Figure 3: Local Moran’s I and Significance

he third visualization presents Local Moran’s I and its p-values, identifying regions with statistically significant clusters of both high and low Acute Respiratory Infection (ARI).

#################################################
# Figure 3 Local Moran's I and its p-values
# (Pinpointing Local Clusters)
#################################################


# Map 4: Local Moran's I statistic
p4 <- tm_shape(merged_data) +
  # Plot polygons filled based on the `lmI` variable using quantile breaks.
  tm_polygons(col = "lmI", title = "Local Moran's I",
              style = "quantile") +
  # Adjust layout so that the legend is outside of the plot.
  tm_layout(legend.outside = TRUE)



# Map 5: P-value for Local Moran's I
p5 <- tm_shape(merged_data) +
  # Plot polygons filled based on `lmp` (p-values) with specified breaks
  tm_polygons(col = "lmp", title = "p-value",
              breaks = c(-Inf, 0.05, Inf)) +
  # Adjust layout so that the legend is outside of the plot.
  tm_layout(legend.outside = TRUE)

tmap_arrange(p4,p5, ncol = 2)

Figure 4: Getis-Ord Gi* and Significance

ThThe fourth visualization displays the Getis-Ord Gi* statistic and its p-values, offering an alternative method to evaluate clustering by identifying statistically significant hot spots and cold spots.

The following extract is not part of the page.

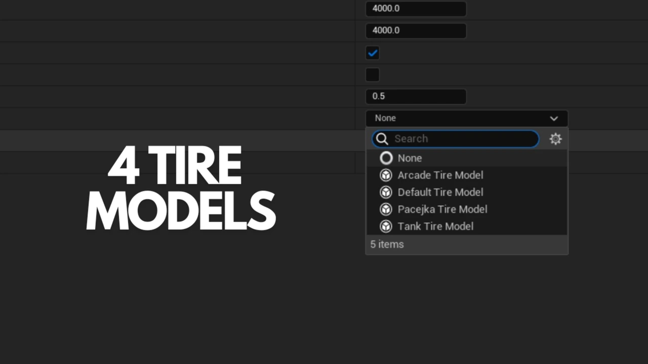 - Realistic Tire Models: Choose from a range of tire models, including the default model, the industry-standard Pacejka model, an arcade model, and a tank model to perfectly fine-tune vehicle handling.

#####################################################
# Figure 4: Getis-Ord Gi* and its p-values
# (Hot and Cold Spots, and Significance)
#####################################################

# Map 5: Getis-Ord Gi* statistic
p6 <- tm_shape(merged_data) +
  # Plot polygons filled based on `gi` (Getis-Ord Gi*) using quantile breaks
  tm_polygons(col = "gi", title = "Getis-Ord Gi*",
              style = "quantile") +
  # Adjust layout so that the legend is outside of the plot.
  tm_layout(legend.outside = TRUE)




p7 <- tm_shape(merged_data) +
  # Plot polygons filled based on `p_gi` (p-values of Getis-Ord Gi*) with specified breaks
  tm_polygons(col = "p_gi", title = "P-value of Getis-Ord Gi*",
              breaks = c(-Inf, 0.05, Inf))+
  # Adjust layout so that the legend is outside of the plot.
  tm_layout(legend.outside = TRUE)

tmap_arrange(p6,p7, ncol = 2)

Conclusion

This document presents a comprehensive spatial analysis of acute respiratory infections (ARI) in children under five in Somalia. By employing spatial mapping, the spatial lag variable, the Global Moran’s I statistic, Local Moran’s I statistics, and the Getis-Ord Gi* statistic, significant patterns of spatial dependence and clusters of high and low ARI are identified. The results of this spatial analysis can inform public health interventions aimed at reducing the incidence of ARI in Somalia.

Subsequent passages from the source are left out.